Data for this exercise
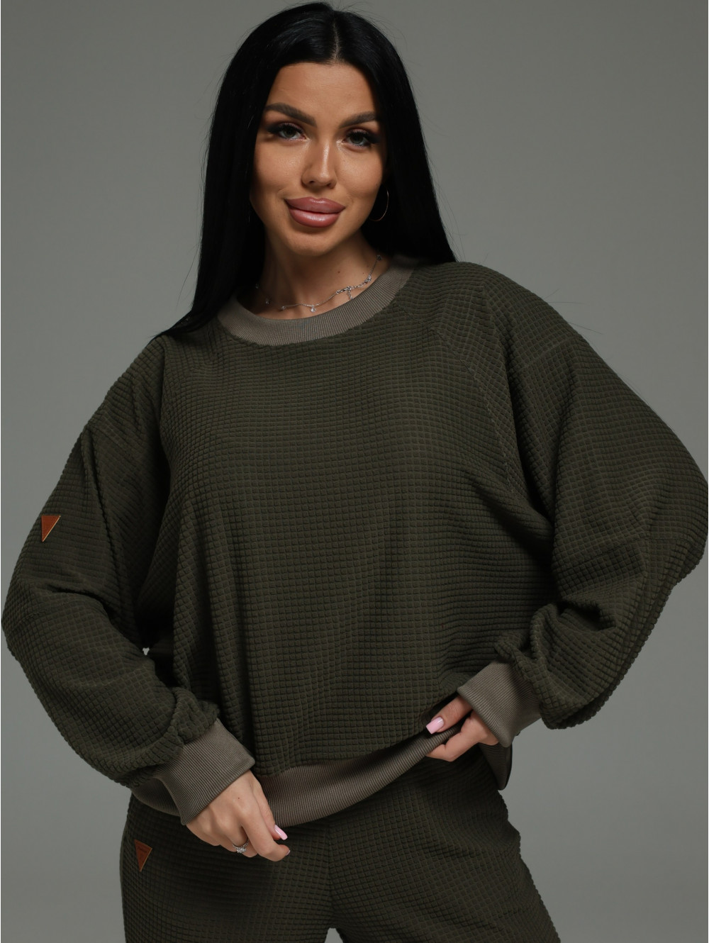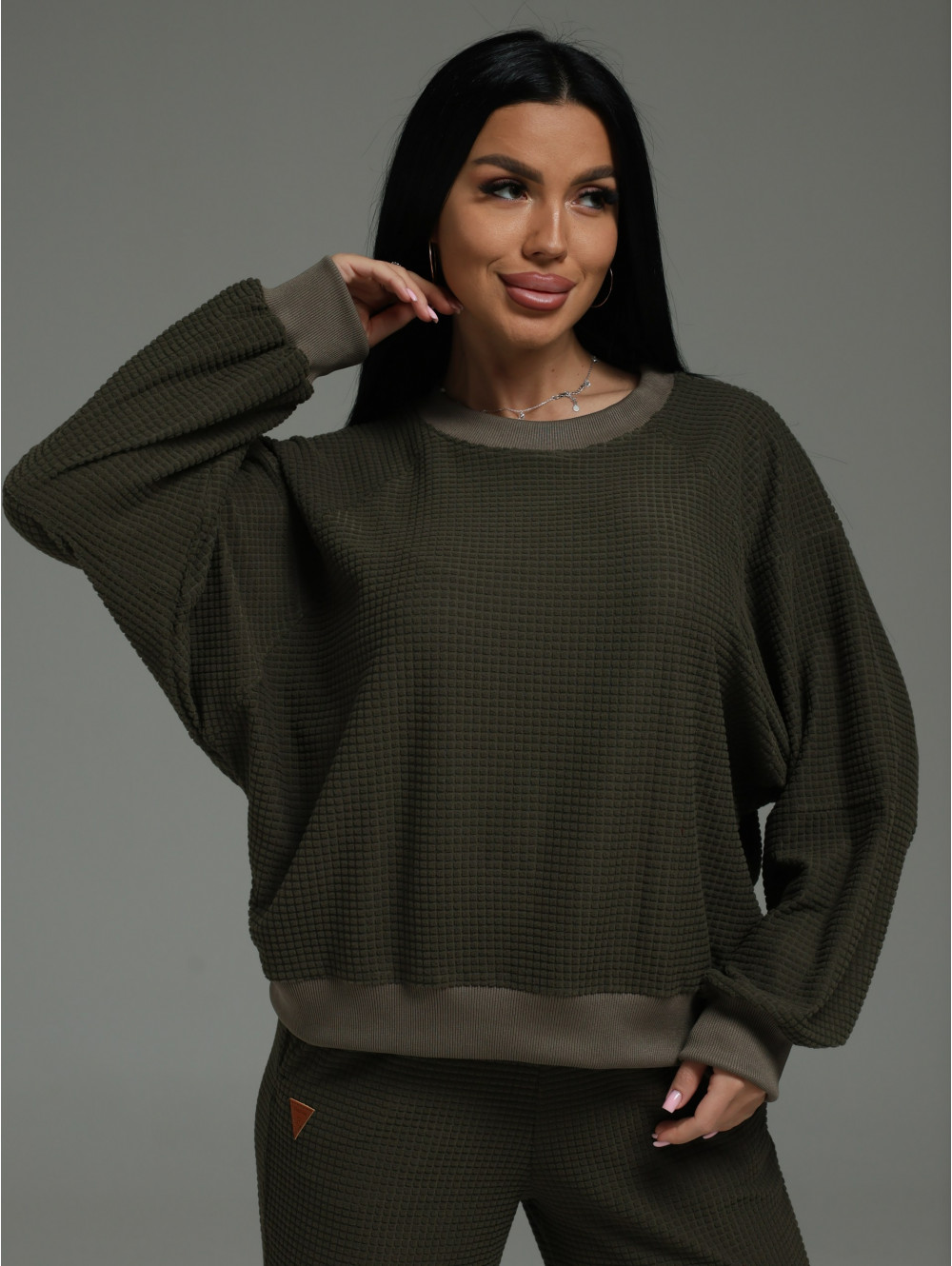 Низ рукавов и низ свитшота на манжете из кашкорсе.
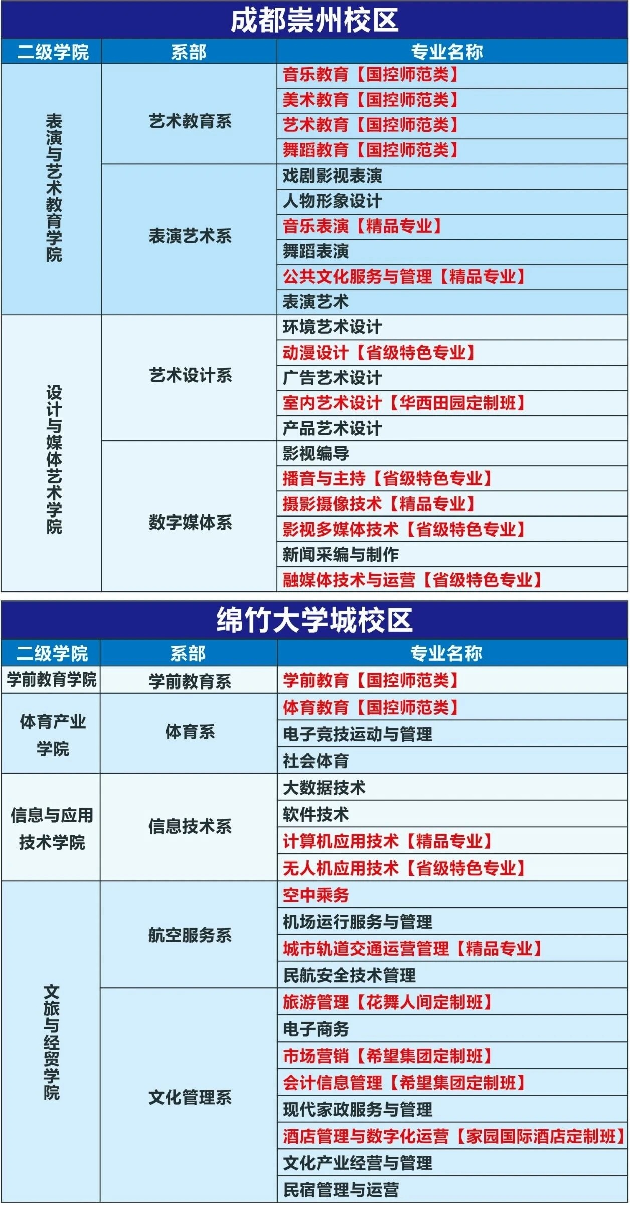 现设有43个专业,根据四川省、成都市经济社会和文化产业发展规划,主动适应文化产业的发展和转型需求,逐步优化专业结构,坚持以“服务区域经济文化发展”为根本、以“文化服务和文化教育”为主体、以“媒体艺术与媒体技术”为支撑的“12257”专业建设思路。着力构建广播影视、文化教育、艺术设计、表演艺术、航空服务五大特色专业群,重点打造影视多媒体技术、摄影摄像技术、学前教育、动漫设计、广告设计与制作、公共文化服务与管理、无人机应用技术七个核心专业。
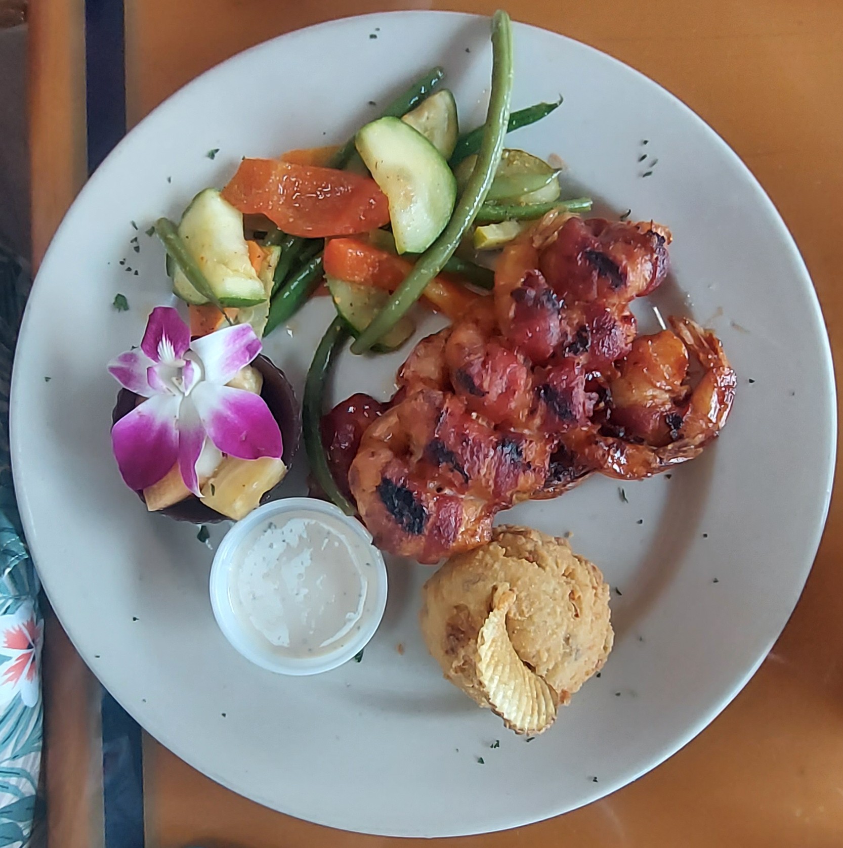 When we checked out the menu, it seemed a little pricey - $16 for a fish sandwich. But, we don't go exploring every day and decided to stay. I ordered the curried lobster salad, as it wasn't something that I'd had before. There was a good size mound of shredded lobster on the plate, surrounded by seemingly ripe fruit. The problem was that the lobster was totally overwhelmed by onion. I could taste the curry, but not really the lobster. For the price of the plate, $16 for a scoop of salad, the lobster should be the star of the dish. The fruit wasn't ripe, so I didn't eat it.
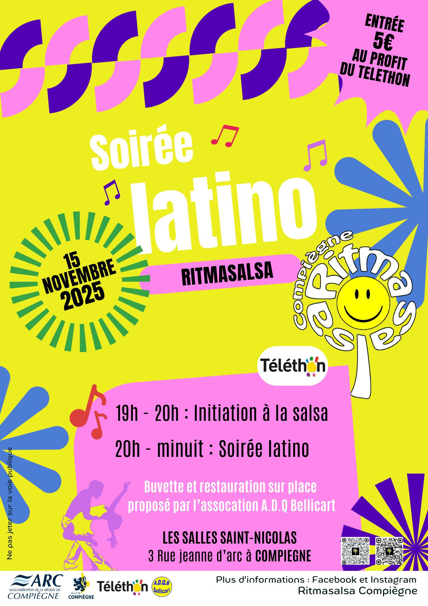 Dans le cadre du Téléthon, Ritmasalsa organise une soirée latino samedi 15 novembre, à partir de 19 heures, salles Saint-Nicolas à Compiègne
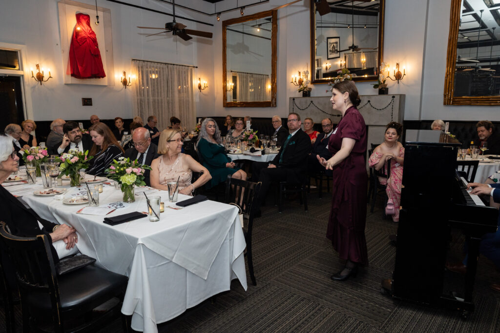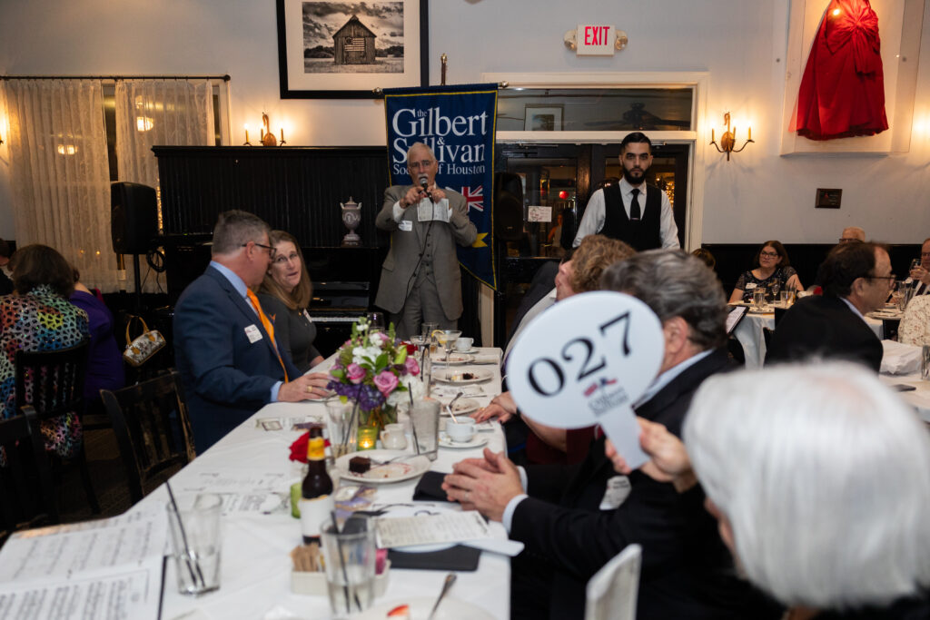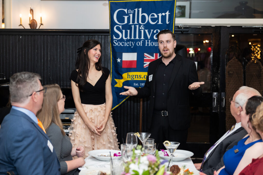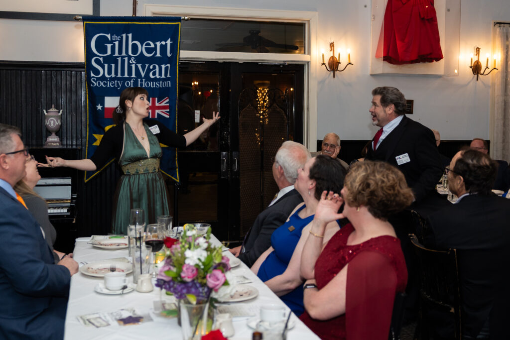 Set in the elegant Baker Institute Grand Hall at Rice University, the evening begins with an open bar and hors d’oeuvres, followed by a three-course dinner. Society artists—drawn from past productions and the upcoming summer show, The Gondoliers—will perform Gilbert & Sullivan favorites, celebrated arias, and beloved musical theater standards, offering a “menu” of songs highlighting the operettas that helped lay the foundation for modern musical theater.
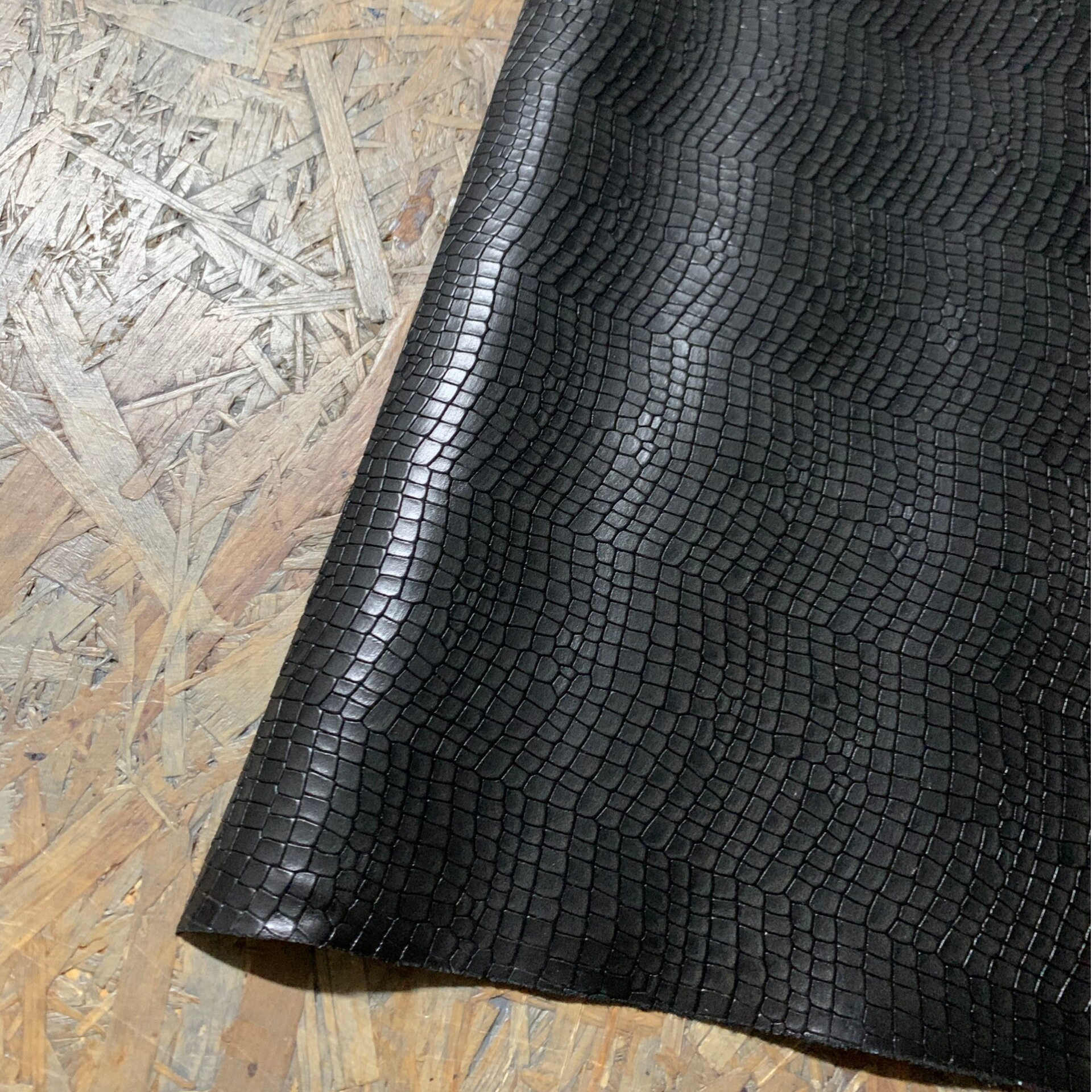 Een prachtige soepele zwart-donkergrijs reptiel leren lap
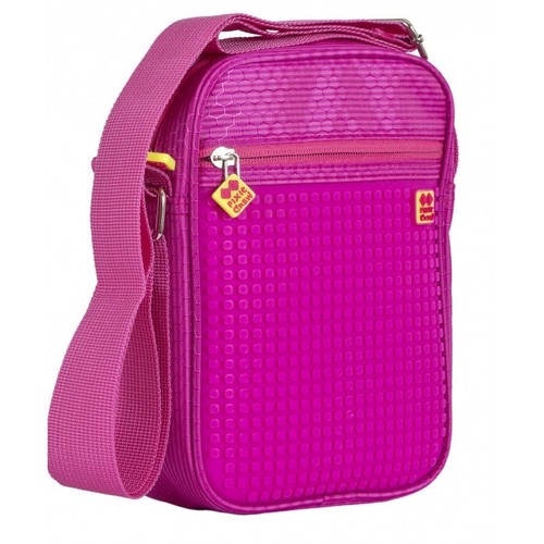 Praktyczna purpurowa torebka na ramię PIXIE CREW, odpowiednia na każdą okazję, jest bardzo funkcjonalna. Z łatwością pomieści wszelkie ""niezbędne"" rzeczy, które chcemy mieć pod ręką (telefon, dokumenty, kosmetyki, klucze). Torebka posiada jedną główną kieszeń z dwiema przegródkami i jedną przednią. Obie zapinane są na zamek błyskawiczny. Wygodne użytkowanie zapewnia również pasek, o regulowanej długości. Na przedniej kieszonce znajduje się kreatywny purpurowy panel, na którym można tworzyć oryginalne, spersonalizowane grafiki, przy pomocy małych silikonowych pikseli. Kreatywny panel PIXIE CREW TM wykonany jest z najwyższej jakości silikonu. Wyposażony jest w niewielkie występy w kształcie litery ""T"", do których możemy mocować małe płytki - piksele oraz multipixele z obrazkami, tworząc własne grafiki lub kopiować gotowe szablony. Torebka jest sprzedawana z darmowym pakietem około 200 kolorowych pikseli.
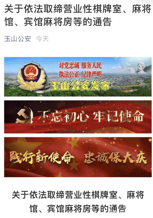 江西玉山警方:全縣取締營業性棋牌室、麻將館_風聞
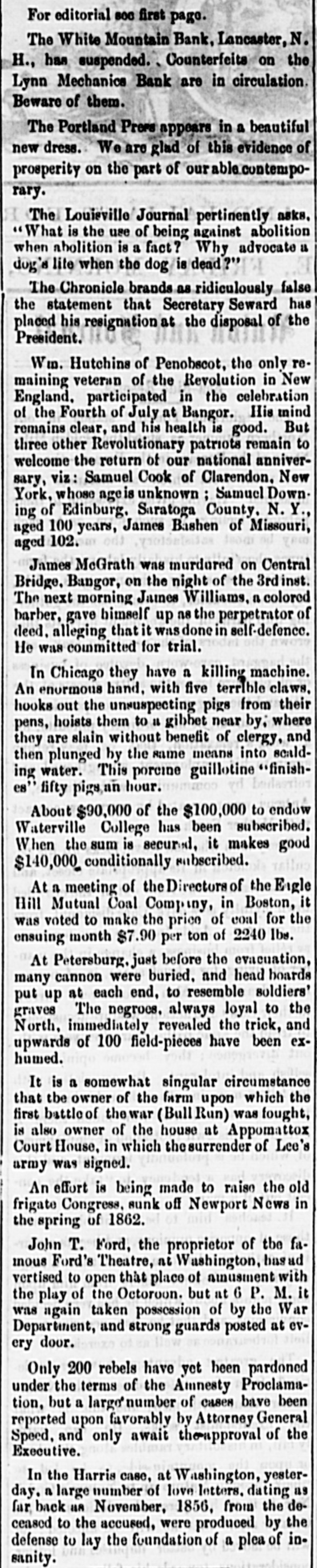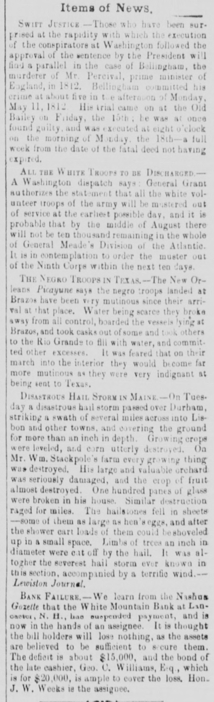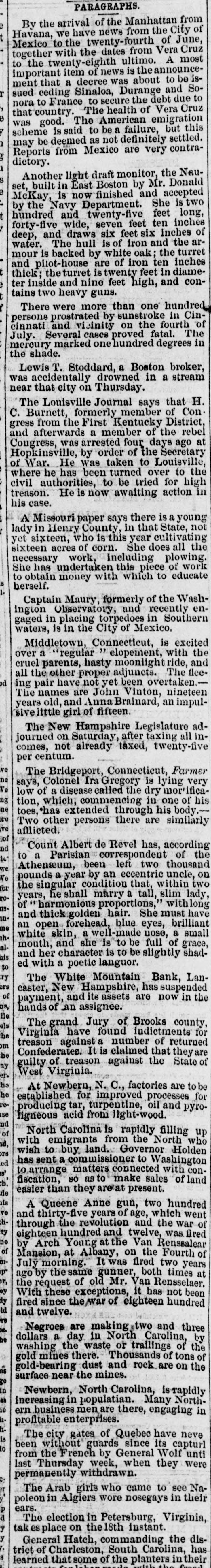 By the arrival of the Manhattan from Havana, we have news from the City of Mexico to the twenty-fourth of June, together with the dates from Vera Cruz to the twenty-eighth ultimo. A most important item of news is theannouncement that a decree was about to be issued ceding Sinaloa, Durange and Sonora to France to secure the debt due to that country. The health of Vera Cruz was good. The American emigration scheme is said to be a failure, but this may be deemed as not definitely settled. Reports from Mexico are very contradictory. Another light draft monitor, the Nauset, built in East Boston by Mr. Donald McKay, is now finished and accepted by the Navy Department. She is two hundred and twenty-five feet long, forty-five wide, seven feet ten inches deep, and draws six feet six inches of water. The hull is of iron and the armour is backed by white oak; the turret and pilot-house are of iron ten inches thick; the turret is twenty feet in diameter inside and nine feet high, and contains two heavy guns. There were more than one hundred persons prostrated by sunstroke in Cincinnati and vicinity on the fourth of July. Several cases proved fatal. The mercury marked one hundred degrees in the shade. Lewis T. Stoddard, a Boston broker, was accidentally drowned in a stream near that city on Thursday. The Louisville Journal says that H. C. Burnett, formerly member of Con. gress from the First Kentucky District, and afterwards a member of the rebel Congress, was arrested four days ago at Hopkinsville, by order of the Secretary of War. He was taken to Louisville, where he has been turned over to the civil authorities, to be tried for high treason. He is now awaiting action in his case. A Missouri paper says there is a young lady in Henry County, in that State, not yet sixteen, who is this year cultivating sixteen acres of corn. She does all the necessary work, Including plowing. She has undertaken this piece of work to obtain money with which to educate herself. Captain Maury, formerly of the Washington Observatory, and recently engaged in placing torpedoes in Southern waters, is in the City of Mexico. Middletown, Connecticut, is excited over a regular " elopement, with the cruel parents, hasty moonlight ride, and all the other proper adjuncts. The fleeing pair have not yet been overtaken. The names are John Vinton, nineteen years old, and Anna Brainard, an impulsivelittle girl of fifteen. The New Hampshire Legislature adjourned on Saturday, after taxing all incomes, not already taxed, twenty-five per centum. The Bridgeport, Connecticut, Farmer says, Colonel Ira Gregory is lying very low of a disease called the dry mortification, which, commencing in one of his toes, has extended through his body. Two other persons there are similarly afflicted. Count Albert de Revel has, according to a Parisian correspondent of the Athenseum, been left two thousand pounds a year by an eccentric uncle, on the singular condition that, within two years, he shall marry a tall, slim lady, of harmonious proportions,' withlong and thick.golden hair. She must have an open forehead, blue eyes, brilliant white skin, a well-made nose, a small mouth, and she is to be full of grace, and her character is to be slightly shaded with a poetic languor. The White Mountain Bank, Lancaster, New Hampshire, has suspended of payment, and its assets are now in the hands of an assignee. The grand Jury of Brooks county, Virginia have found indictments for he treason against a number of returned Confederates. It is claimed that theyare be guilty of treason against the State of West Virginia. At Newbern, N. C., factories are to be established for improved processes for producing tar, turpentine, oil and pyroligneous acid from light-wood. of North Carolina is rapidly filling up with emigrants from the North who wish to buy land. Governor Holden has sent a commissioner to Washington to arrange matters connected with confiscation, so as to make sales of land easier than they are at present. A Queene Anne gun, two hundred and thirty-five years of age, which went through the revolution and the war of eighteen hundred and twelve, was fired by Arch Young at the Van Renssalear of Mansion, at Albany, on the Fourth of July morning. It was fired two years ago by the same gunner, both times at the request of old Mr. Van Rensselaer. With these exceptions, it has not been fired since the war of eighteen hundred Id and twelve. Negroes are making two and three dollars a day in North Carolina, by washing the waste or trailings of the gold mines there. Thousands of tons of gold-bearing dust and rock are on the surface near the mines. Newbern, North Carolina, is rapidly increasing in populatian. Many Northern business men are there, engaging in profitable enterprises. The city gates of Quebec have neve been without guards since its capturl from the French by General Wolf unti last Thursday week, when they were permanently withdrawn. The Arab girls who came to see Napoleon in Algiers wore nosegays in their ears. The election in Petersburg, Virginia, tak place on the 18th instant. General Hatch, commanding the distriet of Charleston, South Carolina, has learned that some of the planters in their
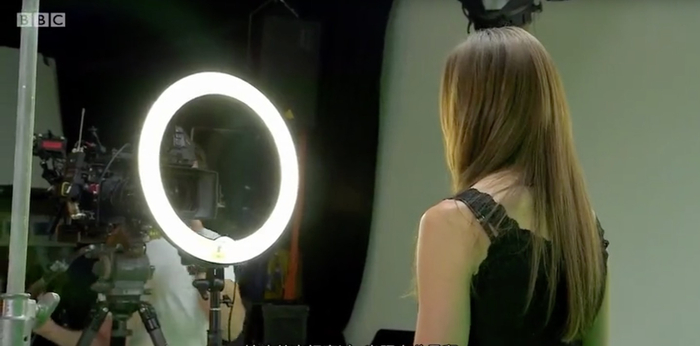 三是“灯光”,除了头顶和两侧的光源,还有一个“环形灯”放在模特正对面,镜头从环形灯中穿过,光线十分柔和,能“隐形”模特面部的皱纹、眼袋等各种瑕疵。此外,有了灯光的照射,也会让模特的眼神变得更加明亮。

Exercise brief
Output, line for line and exactly, the records above from their first line through the one with "现设有43个专业,根据四川省", both ends included, but no pictures.

Written answer
 Низ рукавов и низ свитшота на манжете из кашкорсе.
 现设有43个专业,根据四川省、成都市经济社会和文化产业发展规划,主动适应文化产业的发展和转型需求,逐步优化专业结构,坚持以“服务区域经济文化发展”为根本、以“文化服务和文化教育”为主体、以“媒体艺术与媒体技术”为支撑的“12257”专业建设思路。着力构建广播影视、文化教育、艺术设计、表演艺术、航空服务五大特色专业群,重点打造影视多媒体技术、摄影摄像技术、学前教育、动漫设计、广告设计与制作、公共文化服务与管理、无人机应用技术七个核心专业。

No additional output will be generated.